I had a recent call from a reporter of a major, regional newspaper. I have known this reporter for several years having had exchanges in the run up to the declaration of the Organ Mountain Desert Peaks National Monument that impacts 40 ranches and 90 families in Dona Ana County, New Mexico. In the course of the conversation, I was asked why lands managed by conservationists “look” better than the lands of Dona Ana County managed by ranchers. The specific example was the Gray Ranch in New Mexico’s Bootheel and Hidalgo County and its comparison to the ranches now impacted by the monument in a county 125 miles to the east.
The explanation included a discussion of rainfall and elevation. It could have included other features and conditions, but the implication was supremely troubling. A parallel question could have been why does northern New Mexico look different than southern New Mexico? Why doesn’t Florida look like Montana? Why doesn’t the ocean look like the air?
What can be deducted is that common sense isn’t taught in journalism schools. In its place is a syndrome of behavior that can only be compared to immaturity. What we now know is that it isn’t isolated. It permeates the news gathering and distribution process. It is institutional and it demonstrates breakdown in the same pattern as science.
The culture of science and the press has recycled agenda conclusions to the point they are assumed truth. It is a monumental deterioration of not just trust, but the stability of our society. The crisis runs through everything we have taken for granted and it has fostered abuse and corruption.
A best example is the New York Times editorial this week that blamed Republicans for the Florida shootings. Remember, the science suggesting such proof was in the journal article as noted herein above. Conservatives are psychotic not by the real data, but by the fabrication and presentation of the liberal machine.
Modern Medievals
In the context of what we are realizing, science is the “magic” that forms the basis of policy and the creation of regulations on targeted individuals and groups. The press is the societal proxy for substantiating the outcome.

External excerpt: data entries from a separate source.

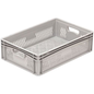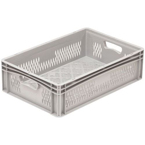 Stapelbaar open bak grijs type Europa, Totale inhoud: 41.7 L, Totale hoogte: 220 mm, Totale breedte: 400 mm, Totale lengte: 600 mm, Bak kleur: Grijs, Type bodem: Geperforeerd, Type zijkant: Geperforeerd, Materiaal: Polypropyleen, Recyclebare verpakking: Ja - 100%, Recyclebaar product: Ja - 100%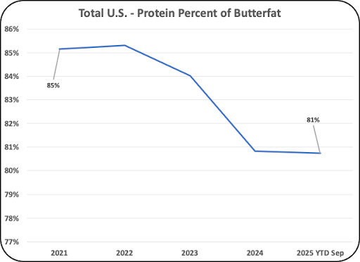 The change in the ratio of milk protein to butterfat is slowing down. However, the low ratio still means that there is a need to move butterfat from Class III to Class IV. Some of the slowdown in 2025 may be from the current movement of butterfat from Class III to Class IV.
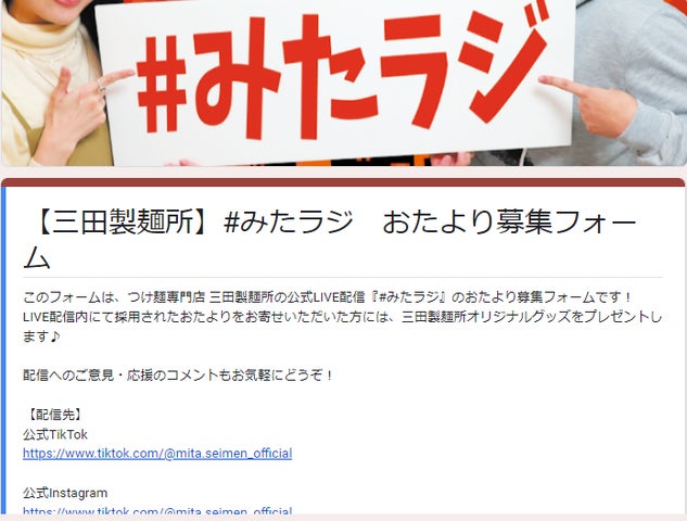 - 三田製麺所は『#みたラジ』という公式LIVE配信を行っている
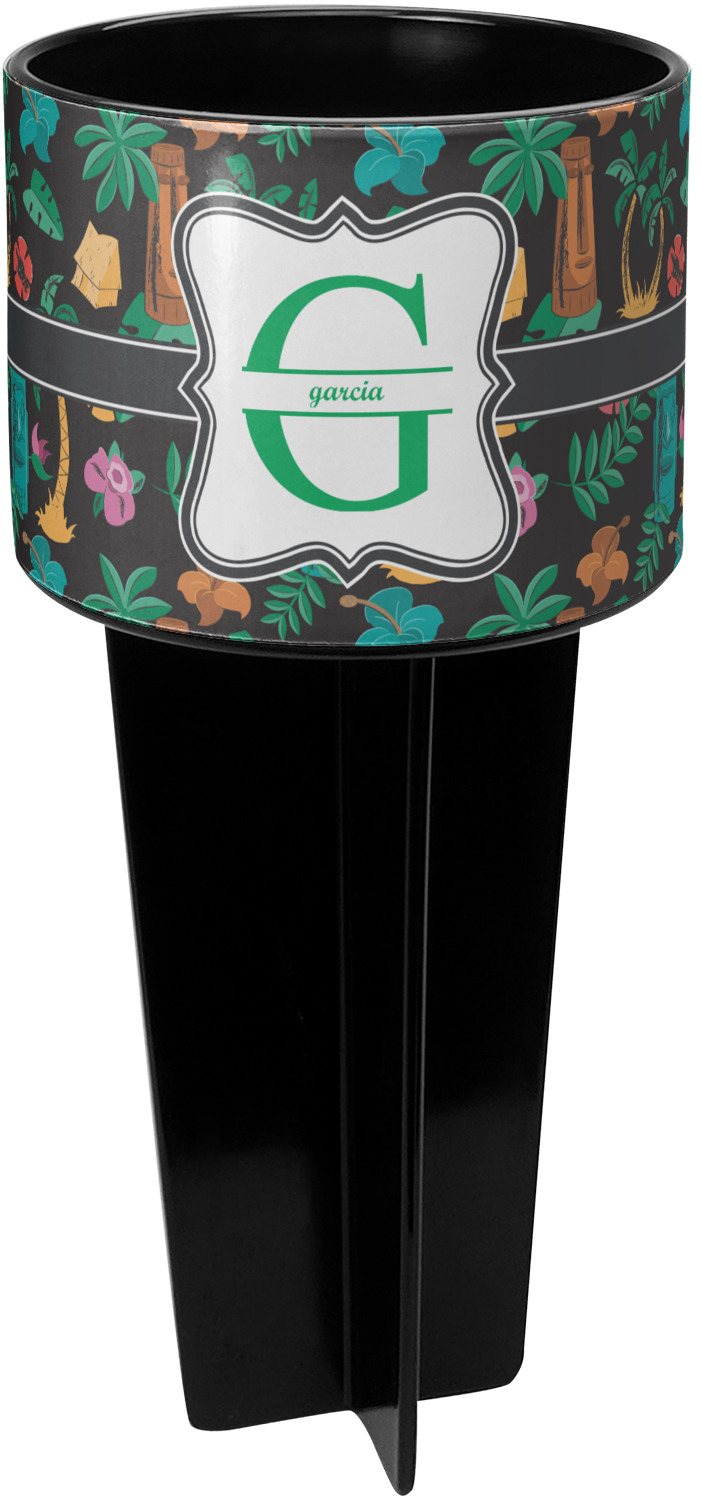 This cup holder has a large stake at its bottom that anchors it to the sand or ground below, while the cup holder rests above the stake. The entire drink holder is made of durable plastic and displays your customization around the cup holder portion. We sell these personalized beach spikers in two different colors: black and white.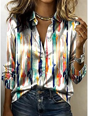 女性用 シャツ グラフィック 幾何学模様 ヴィンテージ スタイリッシュ 近代の 長袖 シャツカラー レギュラートップス 日常 祝日 ブルー ライトグリーン オレンジ 夏 春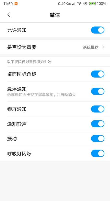 方法三:开启通知管理中的所有权限若前两步仍无效,需检查通知管理设置:进入设置——通知和状态栏——通知管理,找到微信并点击,确保所有通知权限均已开启(如“允许通知”“锁屏显示”“悬浮通知”等)。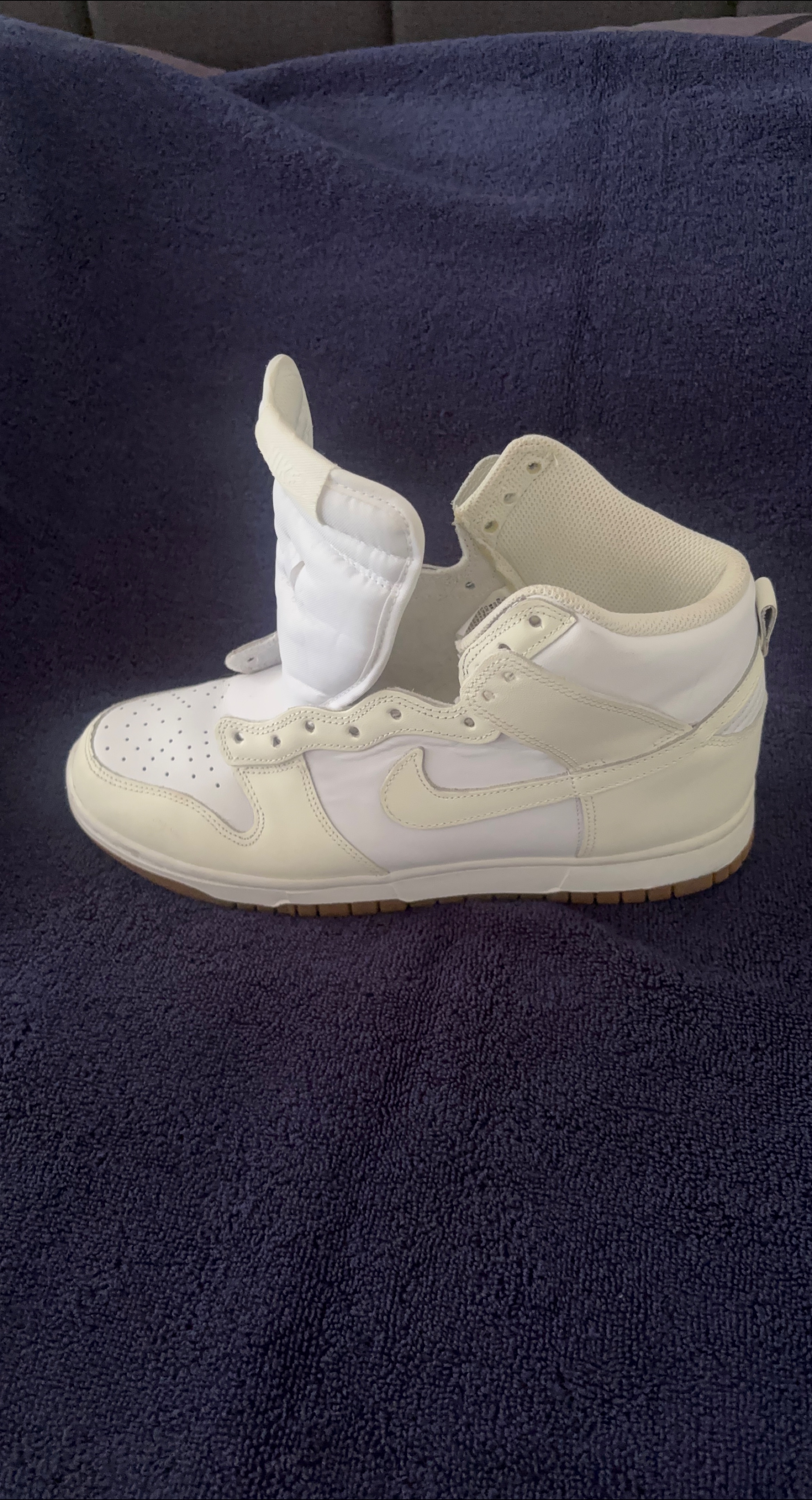 Selling a pair of Nike Dunk High Vintage Light Bone sneakers. These are in great condition and have a classic look! No shoe laces.

Magic, witchcraft, and the occult shaped society in the Medieval Times. Demonic power existed side by side with sorcery and its miraculous tales of deeds of saints, alchemy research, and Arthurian romance and magic. Magic with sorcery was the use of rituals, symbols, actions, gestures, and language all aimed at marginalizing particular, vulnerable individuals and social groups.
With the combination of science and the press … has anything really changed?


Stephen L. Wilmeth is a rancher from southern New Mexico. “Say it ain’t so, Joe!”